Common high-effort situations discussed in the research summary include:
- Open-space work: continuous background noise and unpredictable speech fragments that pull attention (IOSH Magazine, 2025).
- Noisy transport or field environments: sustained exposure that increases fatigue even without “extreme” noise (IOSH Magazine, 2025, citing Rahimimoghadam et al., 2023).
- Digitally degraded audio (distortion/low clarity): additional mental work to understand speech, which can spill into the rest of your tasks as fatigue (IOSH Magazine, 2025).
“Weak signals” you can notice before any diagnosis
The core idea in the research brief is that impacts can appear before measurable hearing loss. That makes early signals practical and important.
Signs that may indicate elevated listening effort and sound-related cognitive load, consistent with the mechanisms and outcomes described above (mental fatigue, stress, reduced concentration), include:
- You can follow conversations, but you feel disproportionately tired afterward (IOSH Magazine, 2025).
- You feel more irritated or stressed at work without a clear cause, especially in noisy environments (IOSH Magazine, 2025).
- You experience focus slippage—re-reading, asking for repeats, or losing the thread—more often in certain spaces (IOSH Magazine, 2025, reporting 47% concentration difficulty).
What this means for individuals and teams: these signals are not “proof” of a medical issue; they are operational indicators that your environment may be consuming cognitive resources.
Practical implications (without medicalizing the issue)
You do not need a clinical diagnosis to treat sound quality as a performance input.
Pillar sentence: Treating sound quality as part of work design—like lighting, ergonomics, and meeting hygiene—reduces avoidable cognitive load and protects attention for higher-value thinking.
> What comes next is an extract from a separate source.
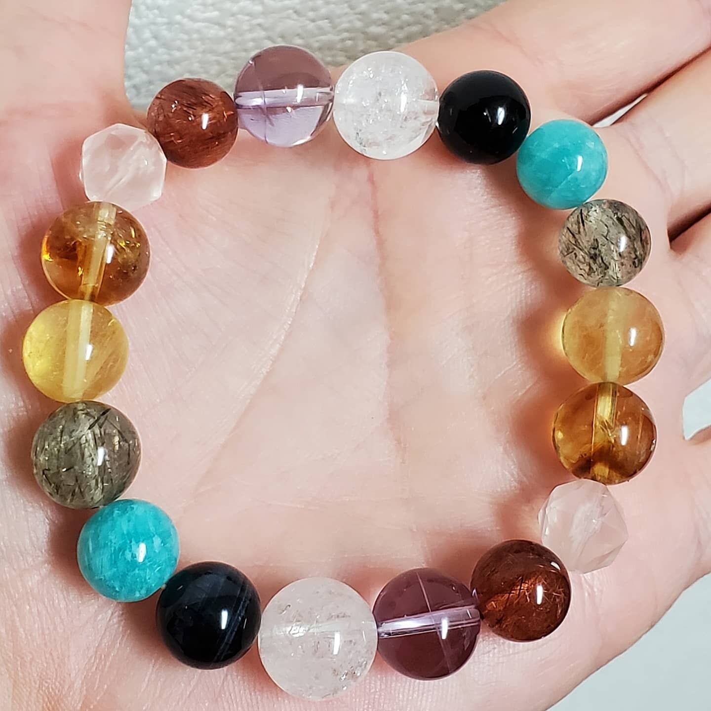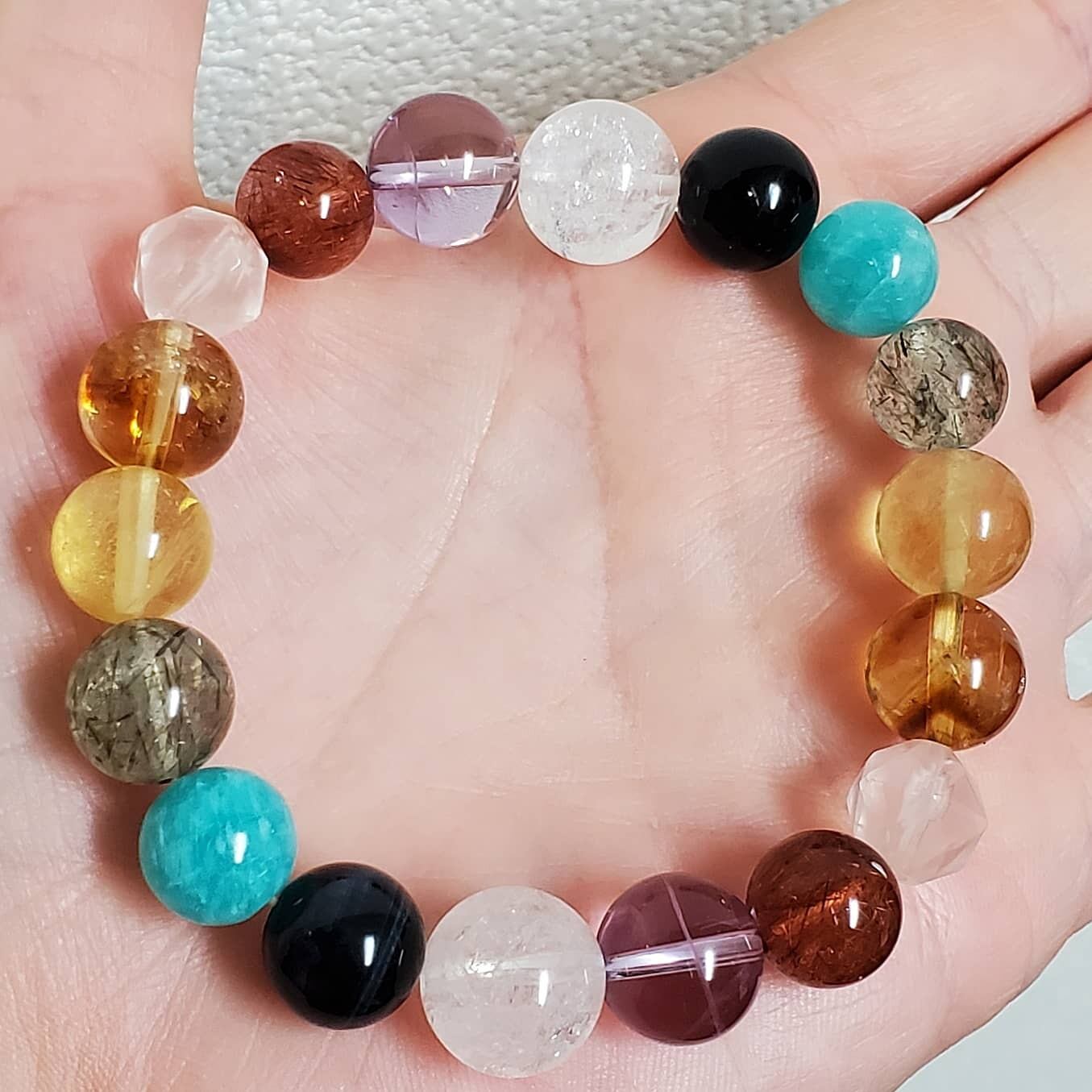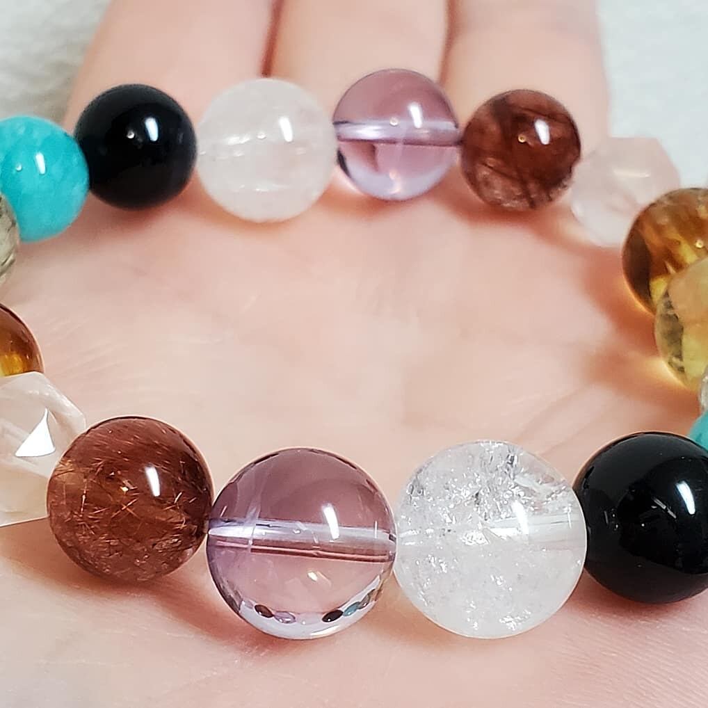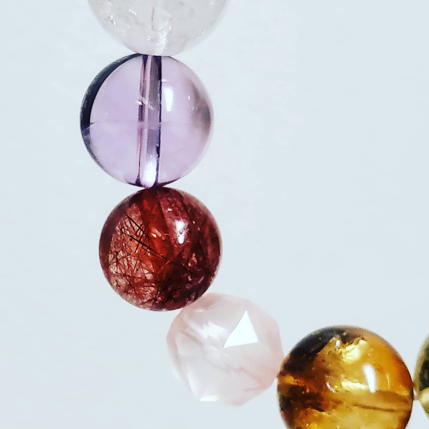 ピンクアメジスト&レッドルチルクォーツ&ローズクォーツ(スターカット)&レインボーシトリン&イエローフローライト&グリーンエピドート&アマゾナイト&ホークスアイ&天然アイリスクォーツ

Based on the evidence above, the most defensible takeaway is not a specific one-size-fits-all fix, but a shift in how you evaluate work conditions:
- If concentration is critical, assume that background noise competes with cognition, especially when it is variable or speech-like (PubMed Central, 2025).
- If collaboration is critical, recognize that irritability and stress can be environment-amplified, not purely interpersonal (IOSH Magazine, 2025).
- If employee experience is a priority, remember that noise effects can be widespread and normalized (MediaConnect, 2025, reporting ~73%).
Limits of the current evidence
The research summary emphasizes real, measurable impacts—fatigue, stress, degraded task performance—but it also implies important limits:
- Not every study uses the same noise types, tasks, and contexts, so results do not map perfectly to every workplace.
- Self-reported measures (like irritation and stress) are meaningful for experience, but they can vary across individuals and situations.
- The key point remains consistent across the cited sources: sound quality can have cognitive and psychosocial costs before hearing loss is diagnosed (IOSH Magazine, 2025; MediaConnect, 2025; PubMed Central, 2025).
Bottom line
If you only act when hearing damage is on the table, you will miss the earlier—and often more common—problem: the day-to-day cognitive overhead of poor sound. The most practical next step is simply to start treating sound quality as a first-class input to focus, communication, and wellbeing, because the evidence shows it can shape concentration, fatigue, and stress long before anyone would call it a hearing issue (IOSH Magazine, 2025; MediaConnect, 2025; PubMed Central, 2025).